January 12, 2010

From Slave To Sent

Recently I heard a sermon looking at the book of Romans. As I was listening & reading along with the preacher, I noticed something that Paul did that is a little different from the rest of his letters, & that got me thinking. In Romans 1:1 Paul identifies himself to the Roman believers, whom he had not yet met. He first refers to himself as a "slave of Jesus Christ." Then he identifies himself as "called to be an apostle." Normally, Paul only identifies himself as an apostle. Why is it different here?
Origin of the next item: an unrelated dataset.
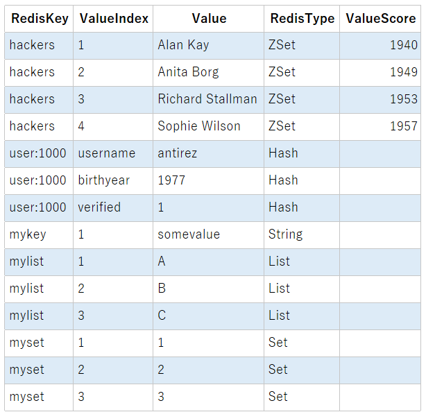 それもそのはず。Cdata Driverでは、Redisの文字列型以外の各型は、すべてSetだろうがhashだろうが1行1行に分解して、ロードする仕組みになっています。

Maybe it's because the idea of being a slave would have been revolutionary to his audience. Neither the Roman nor Jewish Christians in Rome would have embraced the idea of being a slave. Jews took pride in that they were once slaves but God had set them free, & of course Romans weren't slaves; they were the masters. So for a leader like Paul, a Jew & a Roman citizen himself, to identify himself primarily as a slave would have been borderline offensive & would have surely challenged the norm for these believers.

I think Paul saw his calling as an apostle to be a result of his identity as a slave. The word he uses for slave communicates the idea of someone choosing to serve their master & who completely belongs to their master. Until we choose to exclusively serve Jesus, we cannot really serve one another in a way that leaves an eternal impact. After all, an apostle was someone sent by his master. You must choose who you will serve before you can be sent.

What other masters threaten to lead you away from serving Jesus? How have those "masters" derailed your ability to serve & to lead others toward Jesus?